◆ Problem statement:
A word-for-word copy of the records that follow is needed, with every picture omitted.

◆ Exercise inputs:
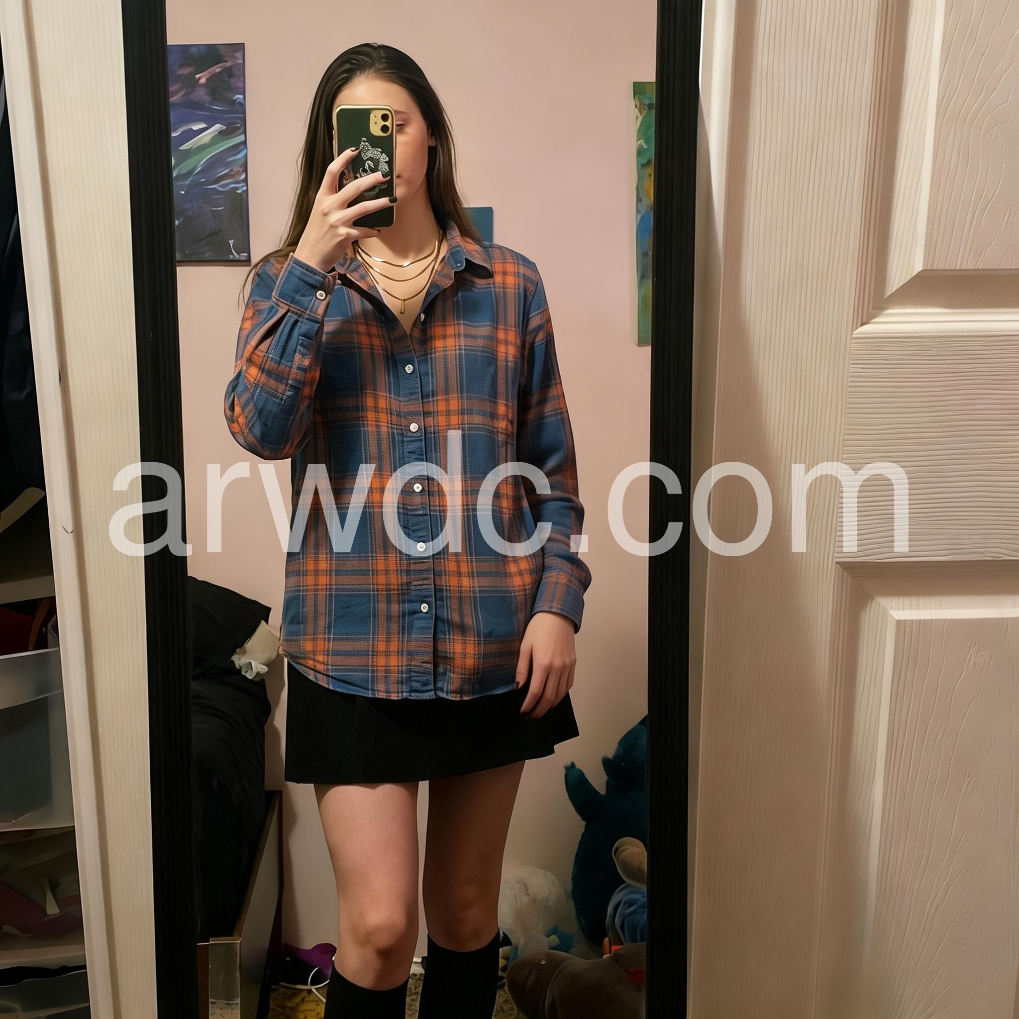 - Neckline: Collared
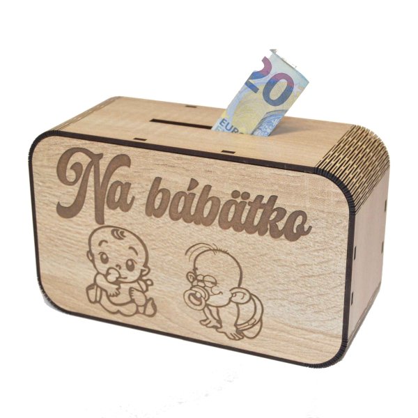 Drevená pokladnička s nápisom - Na bábätko
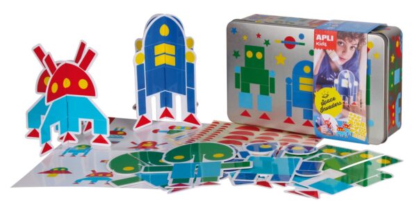 Ψυχαγωγικό και εκπαιδευτικό παιχνίδι με αυτοκόλλητα του Διαστήματος σε μεταλλικό κουτί, ιδανικό ν αποθηκεύσει τα παιδικά, αθώα, δημιουργικά μυστικά. Συμπληρώνει τα σχέδια στις κάρτες με τα ξεχωριστά γεωμετρικά αυτοκόλλητα και μπορεί να τα διορθώσει σε περίπτωση λάθους. Ενθαρρύνει την ικανότητα μηχανικού χειρισμού, συντονισμού χεριού-ματιού και τη χωρική όραση.
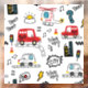 A playful, cartoon-style city pattern featuring buses, cars, helicopters, traffic lights, buildings, and fun doodle text like “Beep Beep,” “Wuz Up?” and “Go,” in bright red, yellow, blue, and black tones.
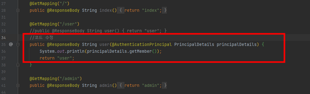 - Authentication 객체를 의존성 주입을 통해 다운 캐스팅하여 정보를 가져올 수 있다.
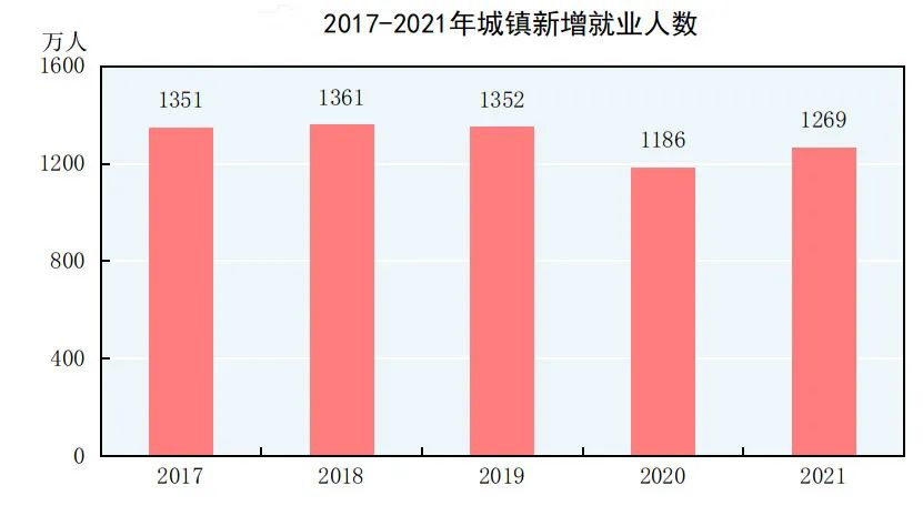 2021年全国城镇新增就业达1269万人,
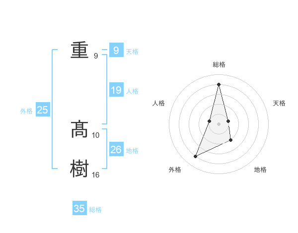 重 髙樹さんの外格は25画の4点!
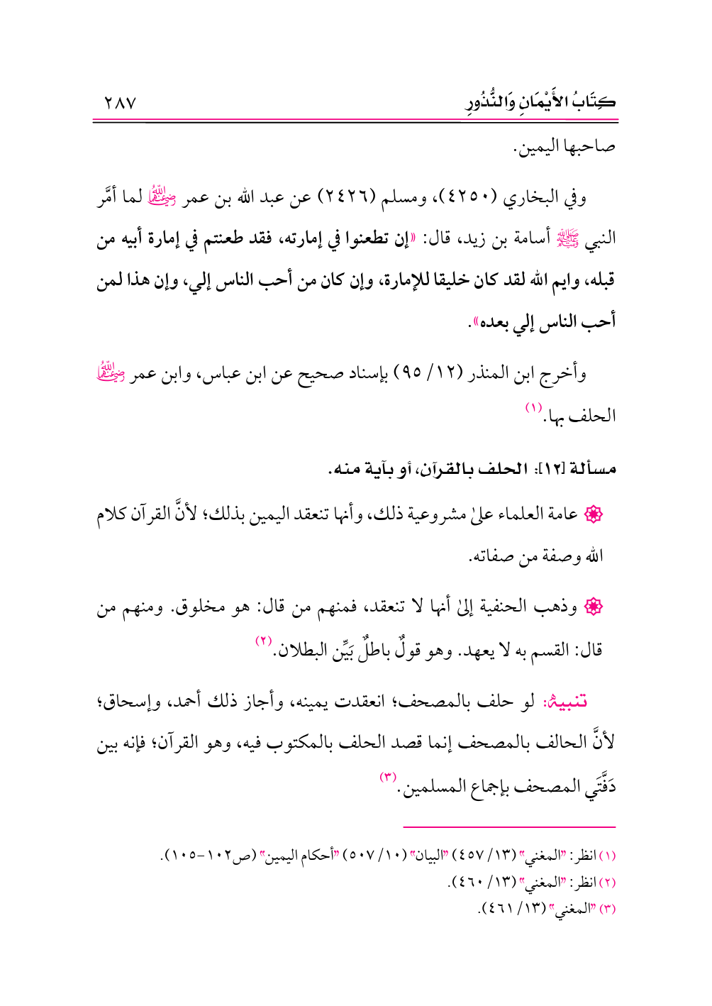 (¬١) انظر: «المغني» (١٣/ ٤٥٧) «البيان» (١٠/ ٥٠٧) «أحكام اليمين» (ص ١٠٢ - ١٠٥).
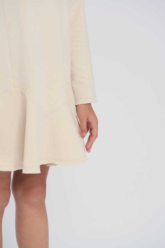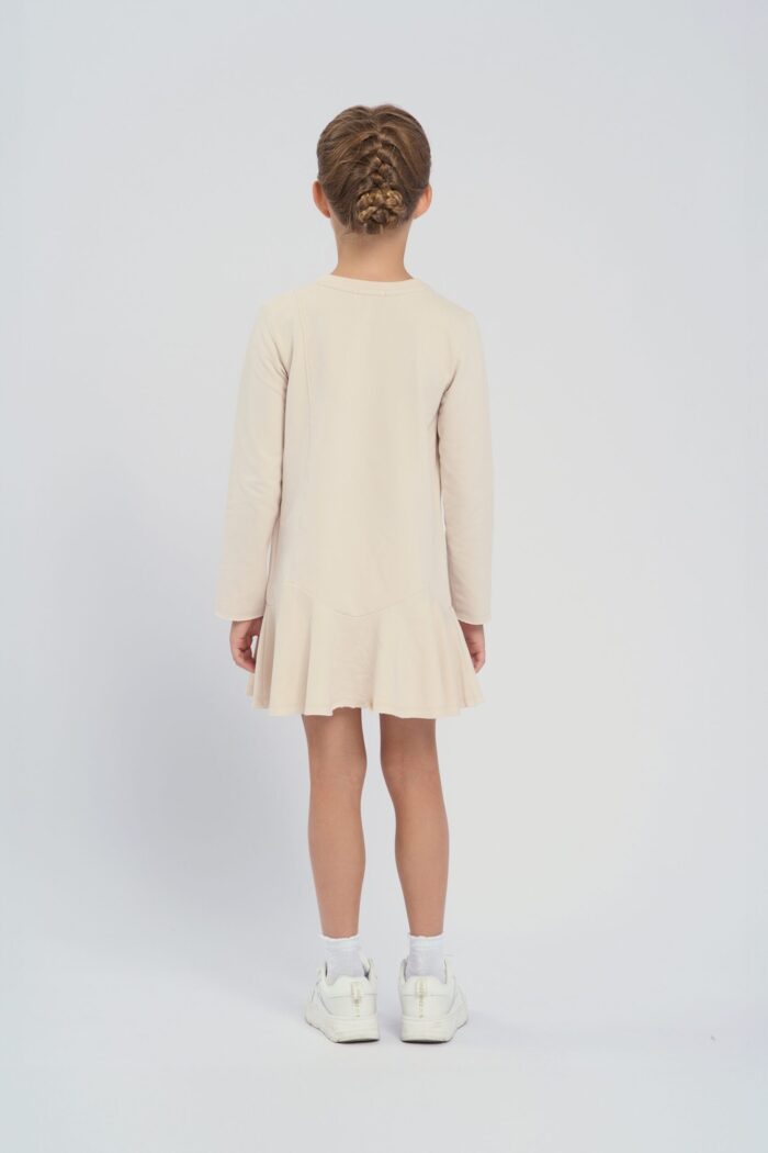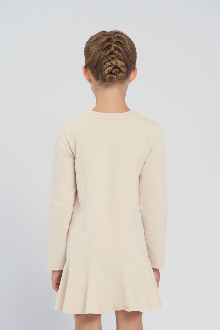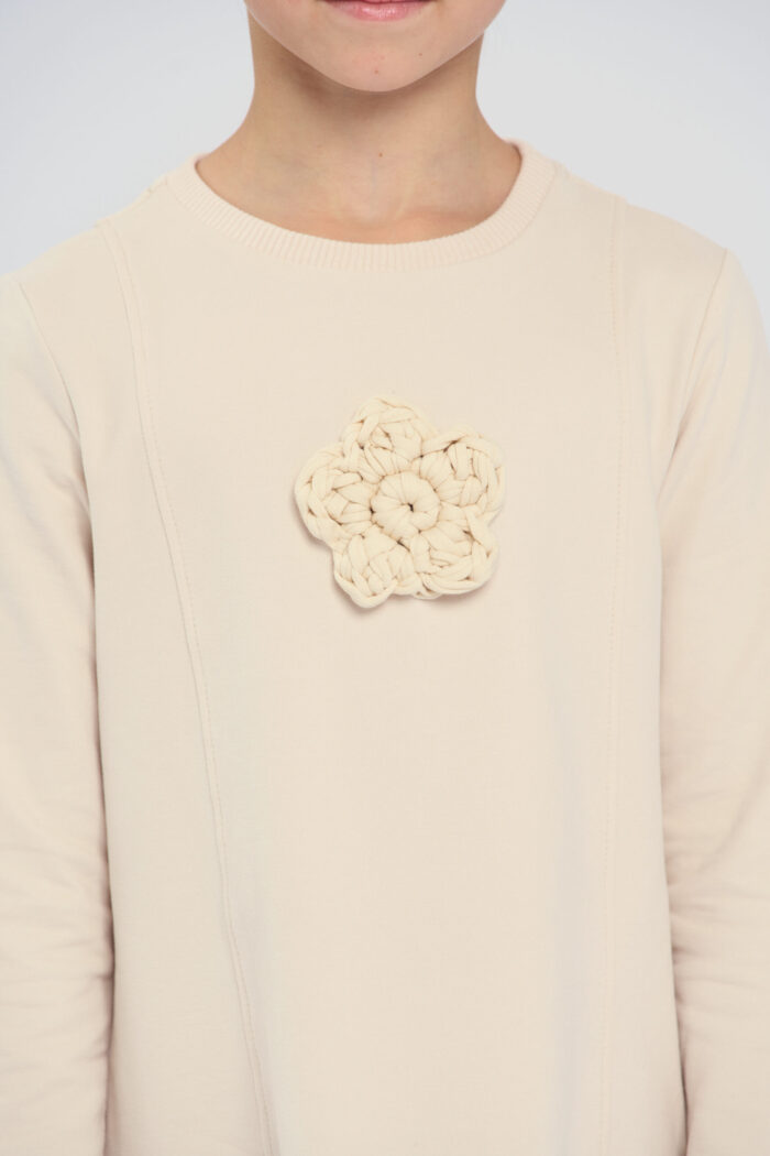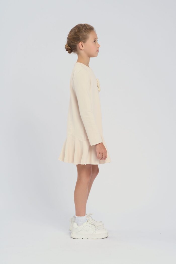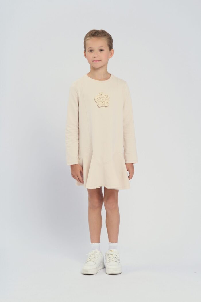 Knitted dress is made of fouter of beautiful beige shade. The model has a wide flounce on the edge. Round neckline and comfortable loose silhouette guarantee comfort to the child, so the dress suitable for everyday wardrobe and active wear. A voluminous knitted flower, located in the centre of the dress, serves as an effective decoration of the design. High-quality blended fabric has good elasticity, does not stretch and quickly restores its shape.
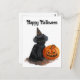 Awesome, vintage picture of a cat wearing a witch's hat standing next to a smiling pumpkin, is featured on this postcard for Halloween. With message, "Happy Halloween", this makes a great postcard to send family and friends. Back of postcard is blank so you can write your own message or use it for a Halloween party invitation!
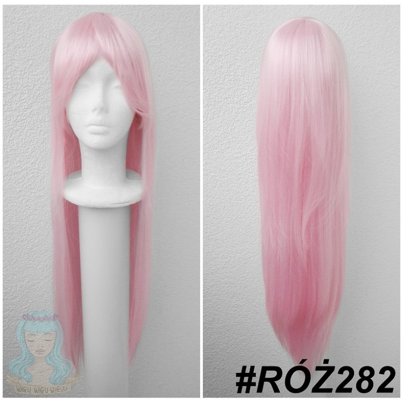 Różowy, długi wig.
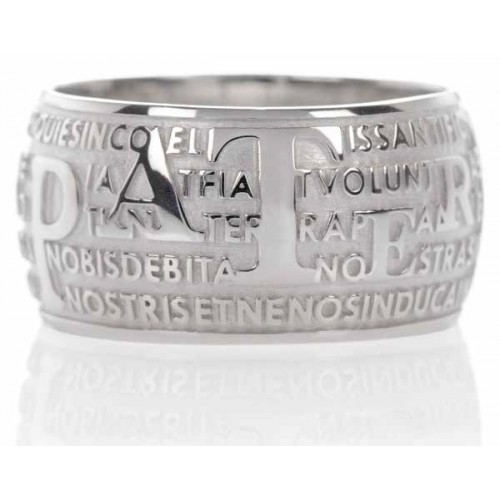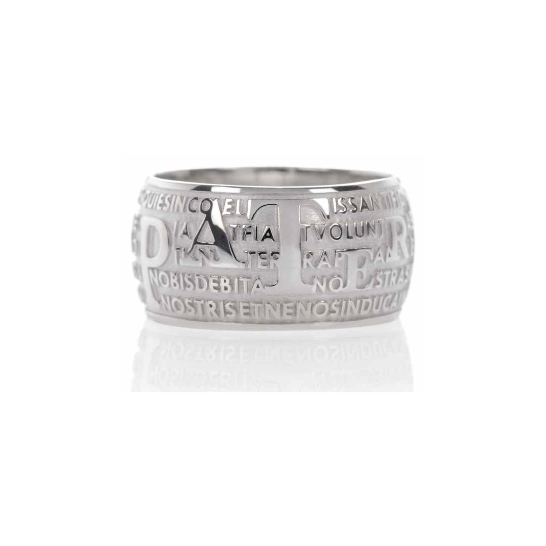 Anello AGIOS in argento 925 rodiato con preghiera del Padre Nostro in lingua latina
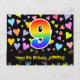 Framsidan av denna roliga och färgglada födelsedagskortdesign har en stor siffra "9" med ett regnbågsspektrum-gradering-mönster. Den har också texten "Grattis på 9-årsdagen," och ett anpassat mottagarnamn. Framsidan har dessutom ett livfullt och färgglatt hjärtformsmönster i bakgrunden. Baksidan har ett anpassat födelsedagsgratulationsmeddelande, eller kan eventuellt lämnas tomt om ett meddelande ska skrivas för hand istället. Ett födelsedagskort som detta kan vara ett roligt sätt att skicka födelsedagsönskningar till någon som firar sin nioårsdag. Postkort som detta kan också användas för att bjuda in gäster till en födelsedagsfest som hålls för någon som fyller 9 år.
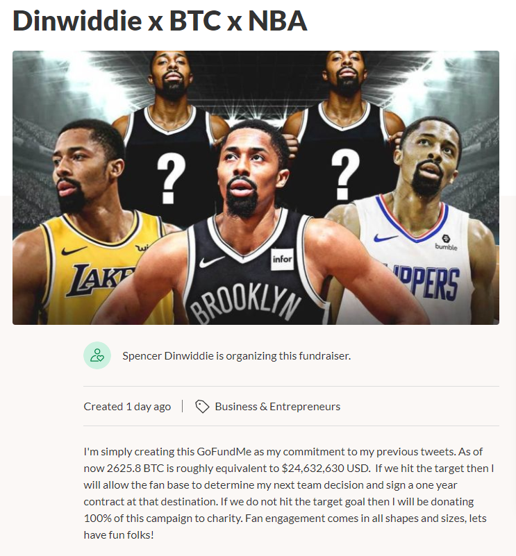 Dinwiddie, que é conhecido na esfera de criptomoedas por ter tentando tokenizar seu contrato com a NBA, prometeu deixar seus fãs decidirem com qual time ele assinará um contrato de um ano, se puderem alcançar seu ambicioso objetivo de captação de recursos. Caso contrário, quaisquer fundos que ele levantar serão doados para caridade. De acordo com Yahoo Sports , Dinwiddie é elegível para ser um agente livre após a temporada 2020-2021.
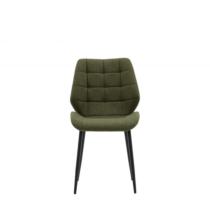 Discover a pair of modern dining chairs, drawing inspiration from the timeless Mid-Century aesthetic. Perfectly adaptable, these chairs seamlessly fit both your dining area and home office. Their distinctive shaped back and gracefully curved seat are adorned in a rich bottle green upholstery, enhanced with intricate stitch details for a contemporary flair. Comes in a set of 2.

◆ Final answer:
 - Neckline: Collared
 Drevená pokladnička s nápisom - Na bábätko
 Ψυχαγωγικό και εκπαιδευτικό παιχνίδι με αυτοκόλλητα του Διαστήματος σε μεταλλικό κουτί, ιδανικό ν αποθηκεύσει τα παιδικά, αθώα, δημιουργικά μυστικά. Συμπληρώνει τα σχέδια στις κάρτες με τα ξεχωριστά γεωμετρικά αυτοκόλλητα και μπορεί να τα διορθώσει σε περίπτωση λάθους. Ενθαρρύνει την ικανότητα μηχανικού χειρισμού, συντονισμού χεριού-ματιού και τη χωρική όραση.
 A playful, cartoon-style city pattern featuring buses, cars, helicopters, traffic lights, buildings, and fun doodle text like “Beep Beep,” “Wuz Up?” and “Go,” in bright red, yellow, blue, and black tones.
 - Authentication 객체를 의존성 주입을 통해 다운 캐스팅하여 정보를 가져올 수 있다.
 2021年全国城镇新增就业达1269万人,
 重 髙樹さんの外格は25画の4点!
 (¬١) انظر: «المغني» (١٣/ ٤٥٧) «البيان» (١٠/ ٥٠٧) «أحكام اليمين» (ص ١٠٢ - ١٠٥).
 Knitted dress is made of fouter of beautiful beige shade. The model has a wide flounce on the edge. Round neckline and comfortable loose silhouette guarantee comfort to the child, so the dress suitable for everyday wardrobe and active wear. A voluminous knitted flower, located in the centre of the dress, serves as an effective decoration of the design. High-quality blended fabric has good elasticity, does not stretch and quickly restores its shape.
 Awesome, vintage picture of a cat wearing a witch's hat standing next to a smiling pumpkin, is featured on this postcard for Halloween. With message, "Happy Halloween", this makes a great postcard to send family and friends. Back of postcard is blank so you can write your own message or use it for a Halloween party invitation!
 Różowy, długi wig.
 Anello AGIOS in argento 925 rodiato con preghiera del Padre Nostro in lingua latina
 Framsidan av denna roliga och färgglada födelsedagskortdesign har en stor siffra "9" med ett regnbågsspektrum-gradering-mönster. Den har också texten "Grattis på 9-årsdagen," och ett anpassat mottagarnamn. Framsidan har dessutom ett livfullt och färgglatt hjärtformsmönster i bakgrunden. Baksidan har ett anpassat födelsedagsgratulationsmeddelande, eller kan eventuellt lämnas tomt om ett meddelande ska skrivas för hand istället. Ett födelsedagskort som detta kan vara ett roligt sätt att skicka födelsedagsönskningar till någon som firar sin nioårsdag. Postkort som detta kan också användas för att bjuda in gäster till en födelsedagsfest som hålls för någon som fyller 9 år.
 Dinwiddie, que é conhecido na esfera de criptomoedas por ter tentando tokenizar seu contrato com a NBA, prometeu deixar seus fãs decidirem com qual time ele assinará um contrato de um ano, se puderem alcançar seu ambicioso objetivo de captação de recursos. Caso contrário, quaisquer fundos que ele levantar serão doados para caridade. De acordo com Yahoo Sports , Dinwiddie é elegível para ser um agente livre após a temporada 2020-2021.
 Discover a pair of modern dining chairs, drawing inspiration from the timeless Mid-Century aesthetic. Perfectly adaptable, these chairs seamlessly fit both your dining area and home office. Their distinctive shaped back and gracefully curved seat are adorned in a rich bottle green upholstery, enhanced with intricate stitch details for a contemporary flair. Comes in a set of 2.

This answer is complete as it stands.